To do this properly, the different components of a typical piped call (selecting / subsetting, ordering, grouping, and performing some computation) are bechmarked separately on 2 different data sizes.
All benchmarks are run on a Windows 8.1 laptop with a 2x 2.2 GHZ Intel i5 processor, 8GB DDR3 RAM and a Samsung 850 EVO SSD hard drive.
Bechmarks are run on the original GGDC10S data used throughout this vignette and a larger dataset with approx. 1 million observations, obtained by replicating and row-binding GGDC10S 200 times while maintaining unique groups.
# This shows the groups in GGDC10S
GRP(GGDC10S, ~ Variable + Country)
# collapse grouping object of length 5027 with 85 ordered groups
#
# Call: GRP.default(X = GGDC10S, by = ~Variable + Country), X is unordered
#
# Distribution of group sizes:
# Min. 1st Qu. Median Mean 3rd Qu. Max.
# 4.00 53.00 62.00 59.14 63.00 65.00
#
# Groups with sizes:
# EMP.ARG EMP.BOL EMP.BRA EMP.BWA EMP.CHL EMP.CHN
# 62 61 62 52 63 62
# ---
# VA.TWN VA.TZA VA.USA VA.VEN VA.ZAF VA.ZMB
# 63 52 65 63 52 52
# This replicates the data 200 times
data <- replicate(200, GGDC10S, simplify = FALSE)

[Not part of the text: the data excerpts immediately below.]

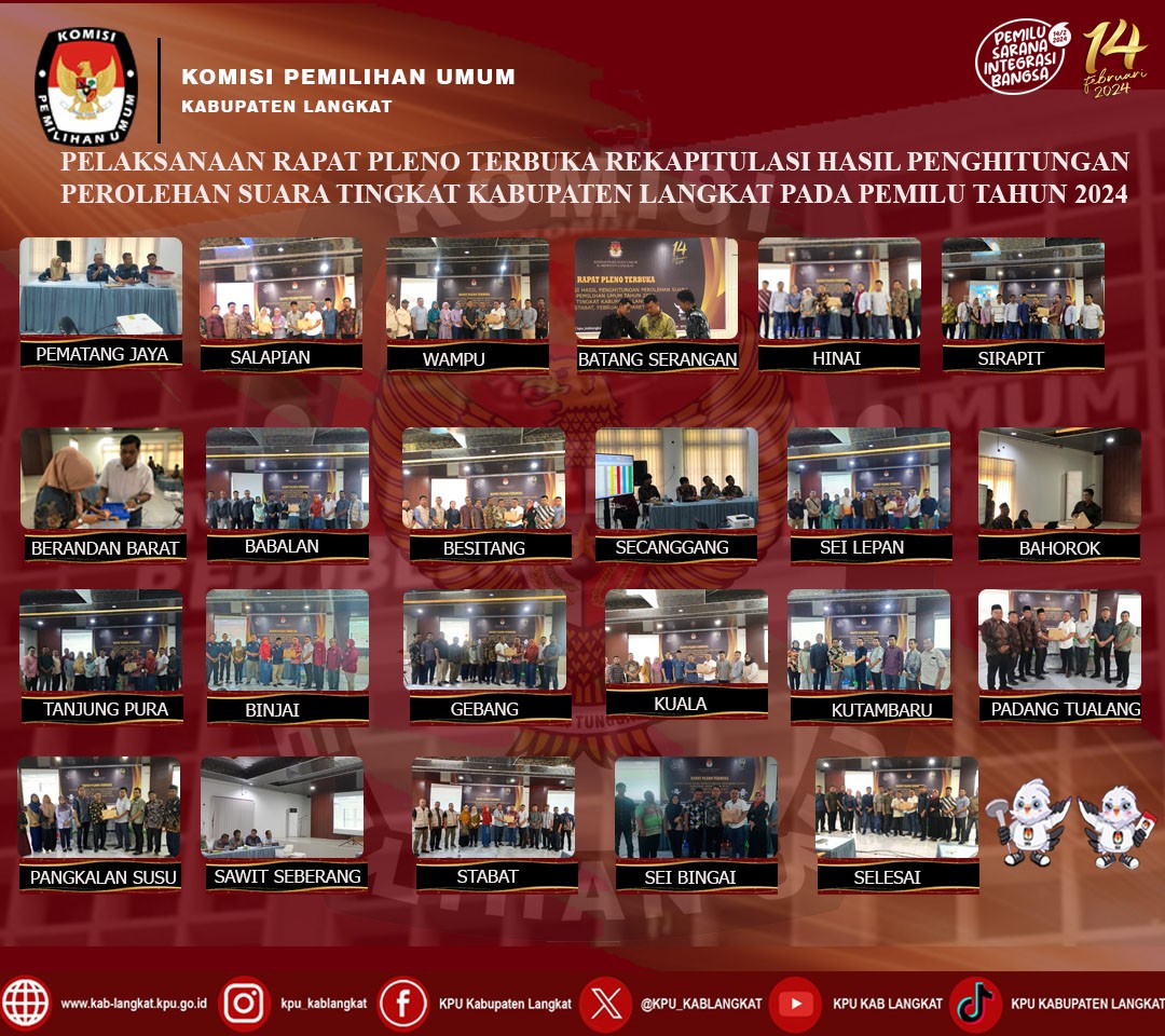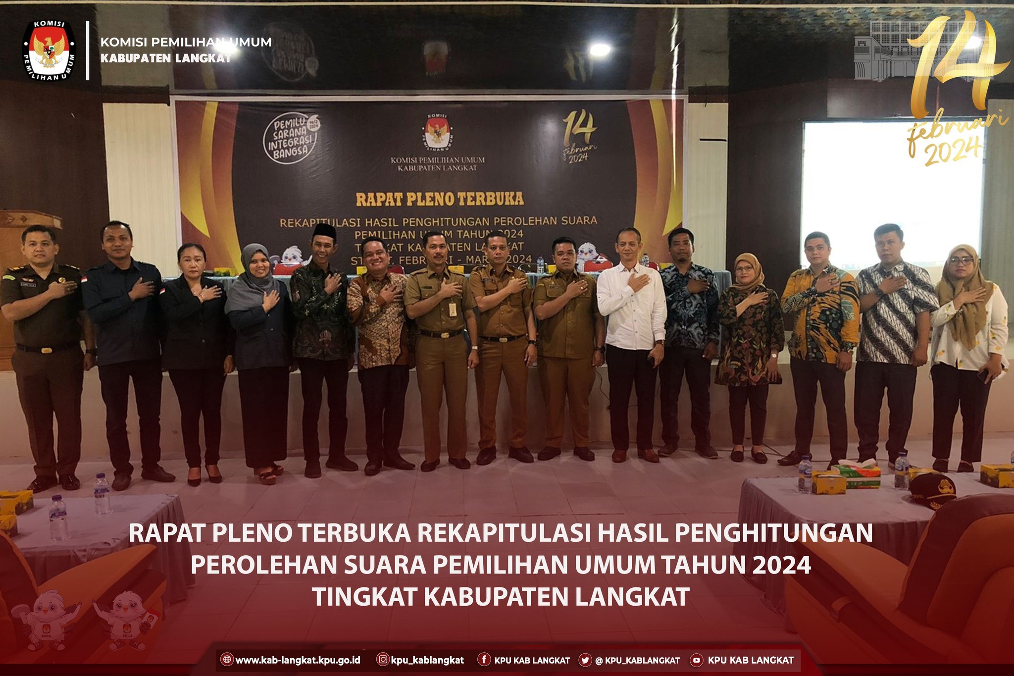 #TemanPemilih, KPU Langkat melaksanakan Rapat Pleno Terbuka Rekapitulasi dan Penetapan Rekapitulasi Hasil Penghitungan Perolehan Suara Tingkat Kabupaten Langkat Pada Pemilihan Umum Tahun 2024 bertempat di Aula Gedung Pegnasos Stabat, Senin 26 Februari 2024 s.d Selasa 5 Maret 2024.
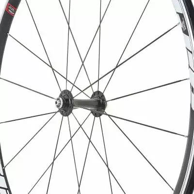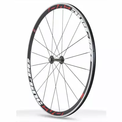 Les rayons noirs de la roue sont plats de 2 mm. Leur croisement permet une bonne résistance lors du freinage et de l’accélération. Leur tension rigidifie la jante et l’empêche de se déformer. La roue avant pèse 900 grammes. Elle est adaptée pour une pratique polyvalente du vélo, aussi bien dans les montées que sur du plat.
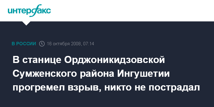Москва. 16 октября. ИНТЕРФАКС - Неустановленное взрывное устройство сработало в станице Орджоникидзовская Сумженского района Ингушетии, жертв и пострадавших нет.
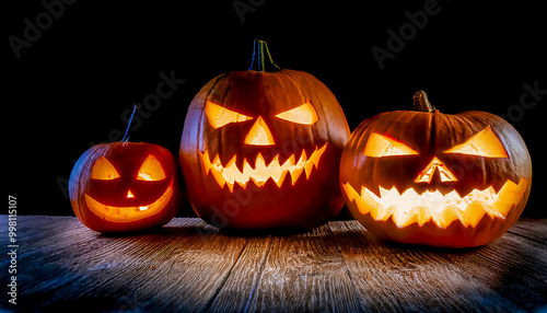 Halloween background, pumpkins for halloween with scary faces glowing on black night, scary pumpkins
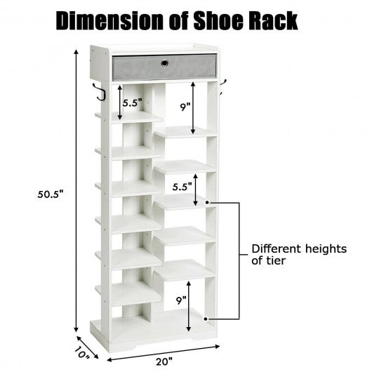 This free-standing shoe rack with staggered tiers is a perfect solution to store your different shoes in your entryway or bedroom. Each shelf is made of premium density board to provide a sturdy place to organize your shoes.   The left side has 7 tiers and the right side has 6 tiers for sneakers dress shoes sandals and slippers whatever of high or flat heels to keep your shoes tidy. Comes with a fabric drawer it can be used to store essentials for convenient taking. And the top shelf and hooks on the side of rack will provide you additional storage space for your small items. With concise appearance the shoe rack can be placed in living room or bedroom to display some small items. The shoe rack will add a warm and comfortable touch to your home.   Multiple staggered tiers for 13 pairs of shoes Two tiers on the right side are little higher than others Top shelf with raised edge for displaying decors Two hooks on the side for hanging keys and umbrellas Removable fabric drawer with a hole for easy opening Durable and sturdy frame for long time use Scratch-resistant and waterproof surface of shoe rack Round corner of top prevents bump or hurt Chic and simple design suitable for hallway and bedroom Easy to assemble by yourself according to instructions
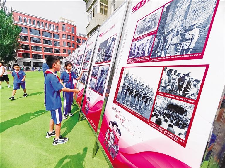 活動現(xiàn)場,該館講解員給孩子們講述了《抗戰(zhàn)烽火中的少年兒童》及《英雄血灑黃河畔——叢德滋》紅色故事。之后,蘭州市口琴藝術交流學會的成員現(xiàn)場演奏了《沒有共產黨就沒有新中國》《游擊隊之歌》《中國少年先鋒隊隊歌》等經典紅色曲目。圖為學生觀看展板。
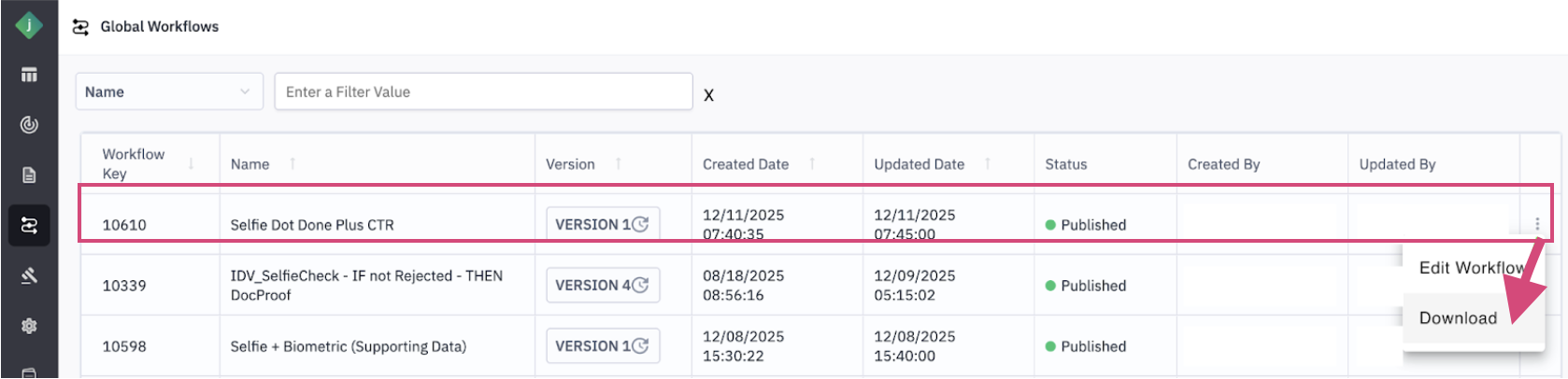 The Workflow Listing screen provides a centralized view of all workflows created in your Jumio account, whether Global or Custom. From this screen, you can search, filter, and manage workflows efficiently, including accessing specific versions, reviewing statuses, and initiating edits.
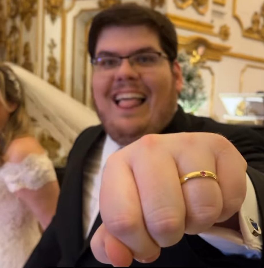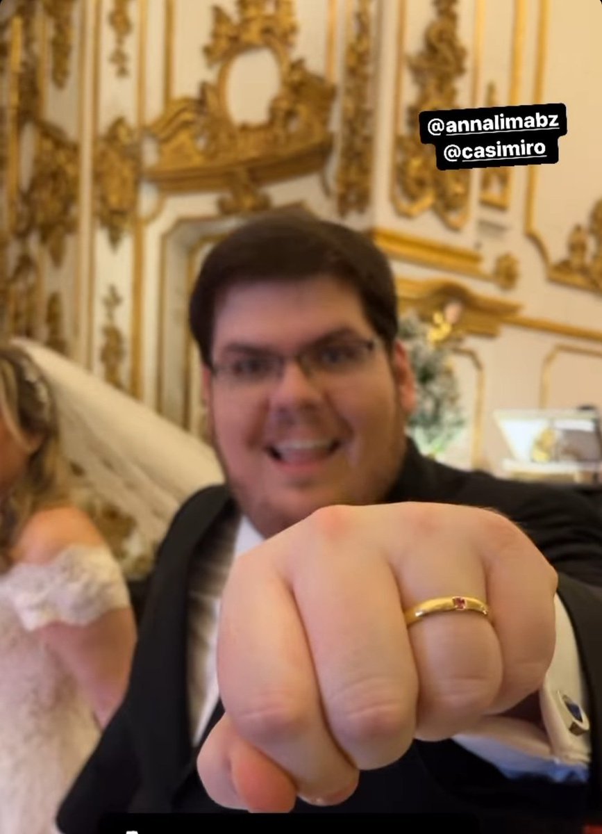 Casimiro se casa e mostra aliança, que conta com uma Cruz de Malta; veja
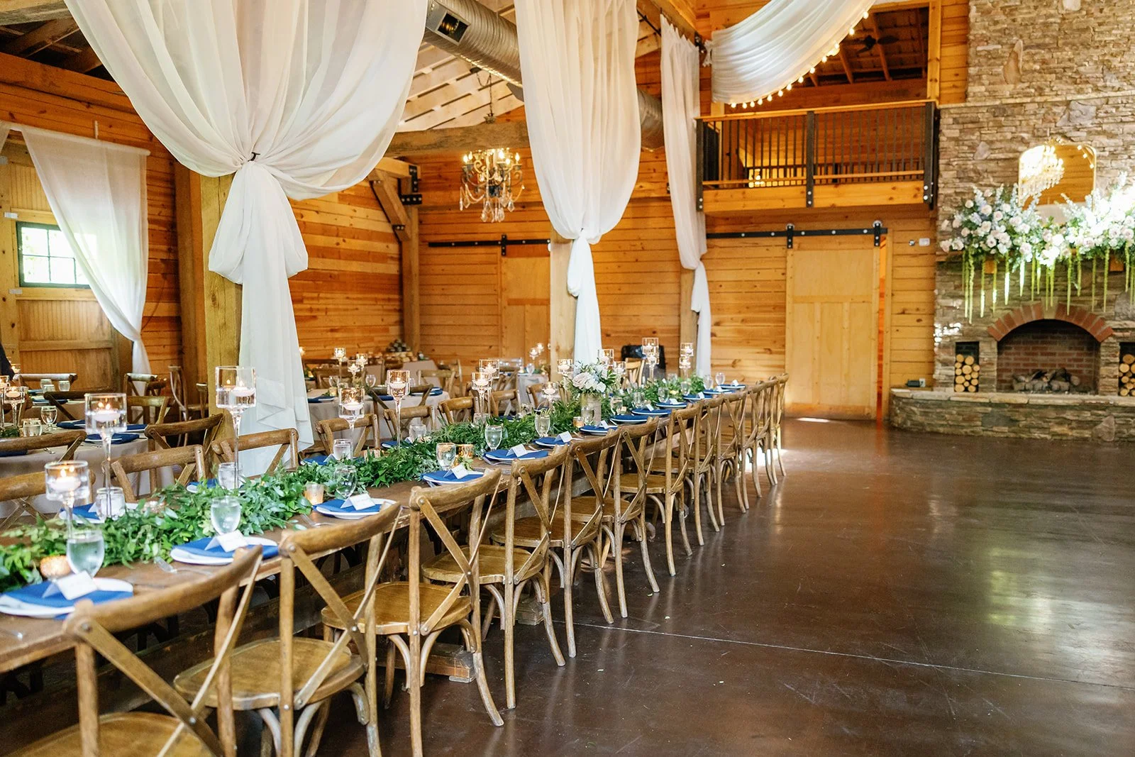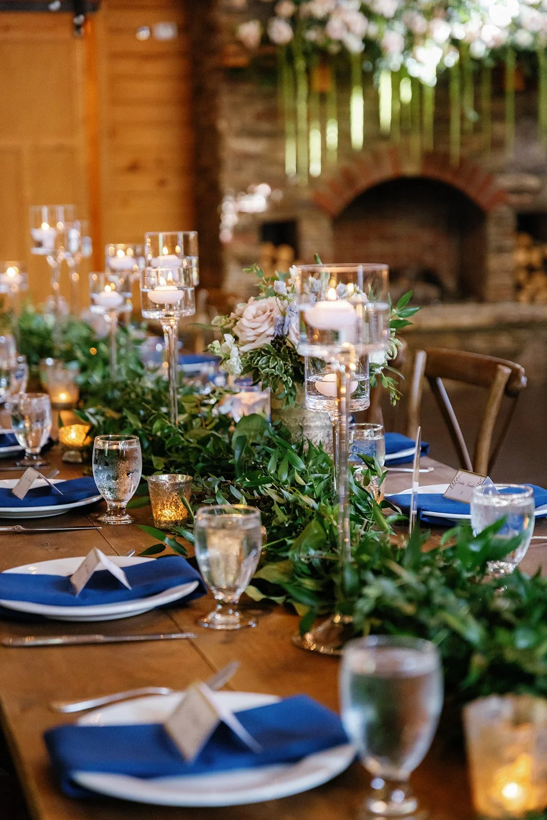 The Wheeler House reception was a masterclass in rustic sophistication. Long wooden farm tables were lined with garlands of greenery and flickering candles, while crisp navy napkins added a touch of modern polish.
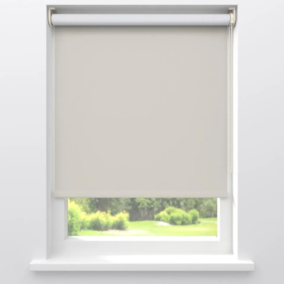 Verduisterend rolgordijn zandkleurig. De witte achterzijde zorgt voor volledige verduistering. Ideaal voor slaapkamers m…
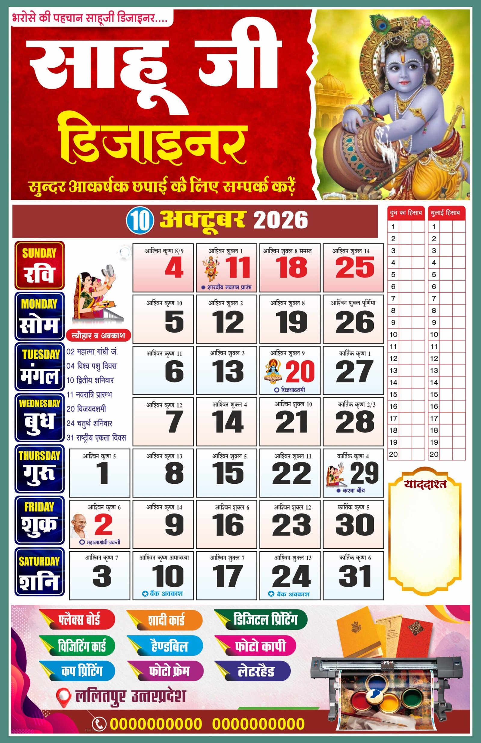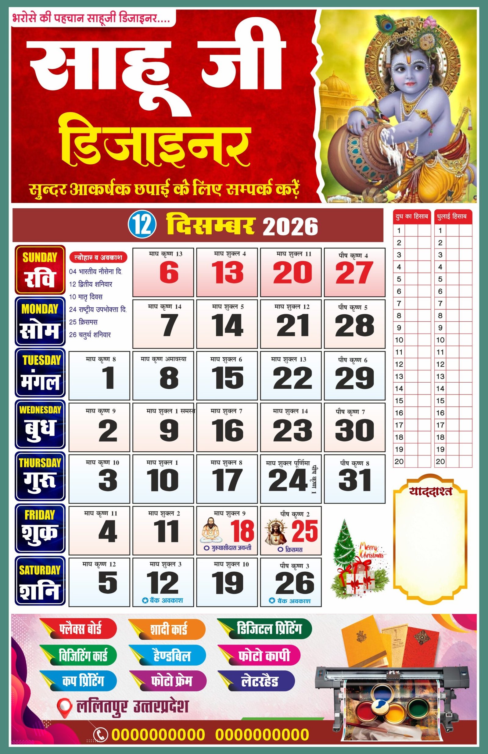 2026 Hindi Panchang Calendar 12 Month Design CDR File
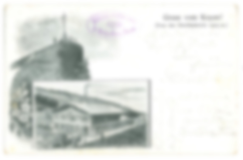 Postkarte "Gruss vom Koyen!", mit Illustration des Gasthauses "Koyenwirtschaft" am Fuß des Hochhädrichs sowie dem Gipfel mit Gipfelkreuz in schwarzweiß; gestempelt auf der Vorderseite von der Koyenwirtschaft b. Riefensberg
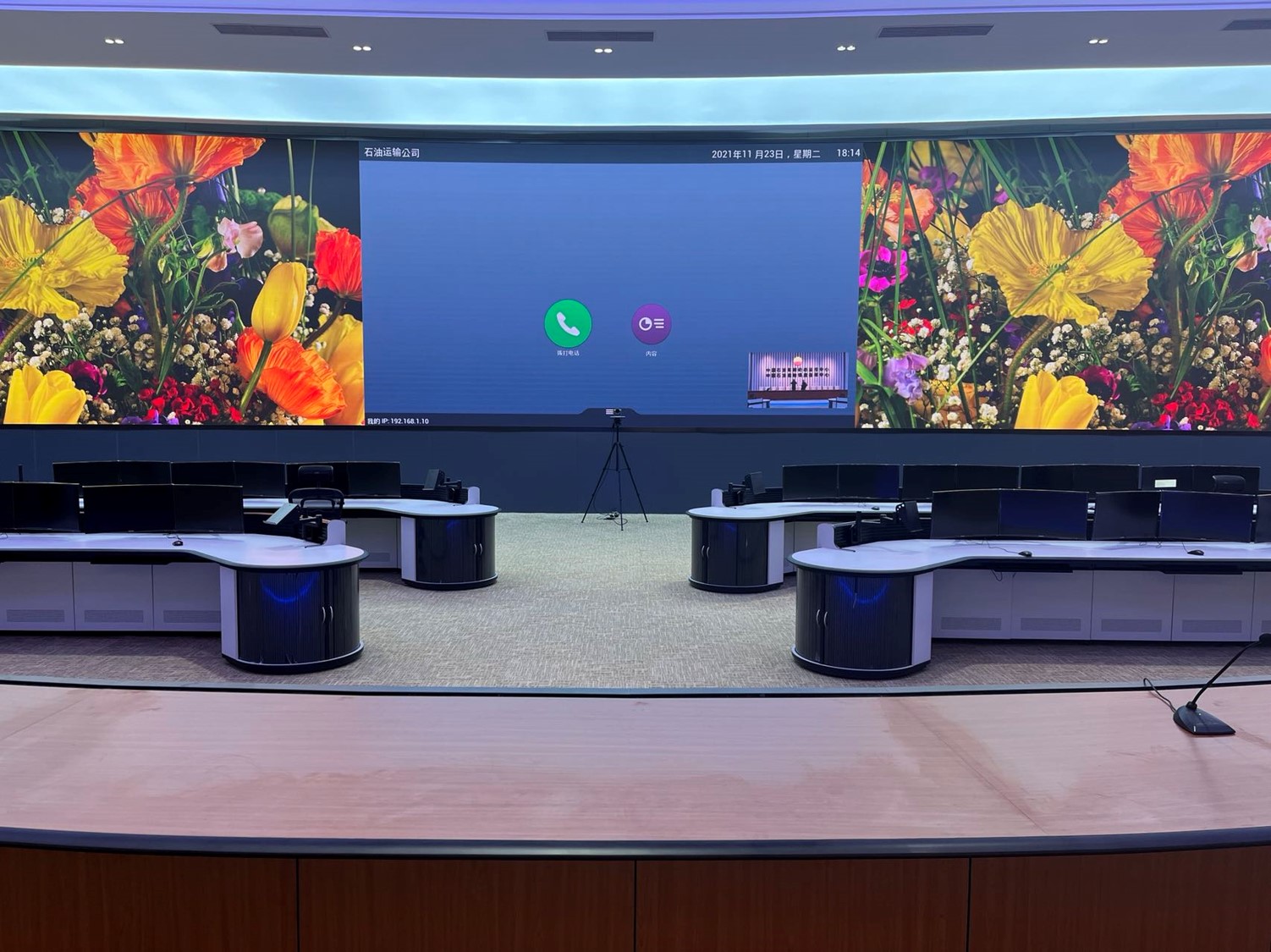 中國石油集團(tuán)安全環(huán)保技術(shù)研究院1層視頻會(huì)議室創(chuàng)新型的運(yùn)用0.93mmLED顯示屏,不僅滿足單位召開視頻會(huì)議室使用,同時(shí)可用于超高分圖像的展示工具,對研究院研發(fā)團(tuán)隊(duì)成果展示、實(shí)驗(yàn)過程分析提供保障。同時(shí)對現(xiàn)有視頻會(huì)議功能進(jìn)行升級,由原來模擬、標(biāo)清視頻會(huì)議形式升級為高清、4K會(huì)議,

# This function adds a number i to the country and variable columns of each dataset
uniquify <- function(x, i) ftransform(x, lapply(unclass(x)[c(1,4)], paste0, i))
# Making datasets unique and row-binding them
data <- unlist2d(Map(uniquify, data, as.list(1:200)), idcols = FALSE)
fdim(data)
# [1] 1005400 16
# This shows the groups in the replicated data
GRP(data, ~ Variable + Country)
# collapse grouping object of length 1005400 with 17000 ordered groups
#
# Call: GRP.default(X = data, by = ~Variable + Country), X is unordered
#
# Distribution of group sizes:
# Min. 1st Qu. Median Mean 3rd Qu. Max.
# 4.00 53.00 62.00 59.14 63.00 65.00
#
# Groups with sizes:
# EMP1.ARG1 EMP1.BOL1 EMP1.BRA1 EMP1.BWA1 EMP1.CHL1 EMP1.CHN1
# 62 61 62 52 63 62
# ---
# VA99.TWN99 VA99.TZA99 VA99.USA99 VA99.VEN99 VA99.ZAF99 VA99.ZMB99
# 63 52 65 63 52 52
gc()
# used (Mb) gc trigger (Mb) max used (Mb)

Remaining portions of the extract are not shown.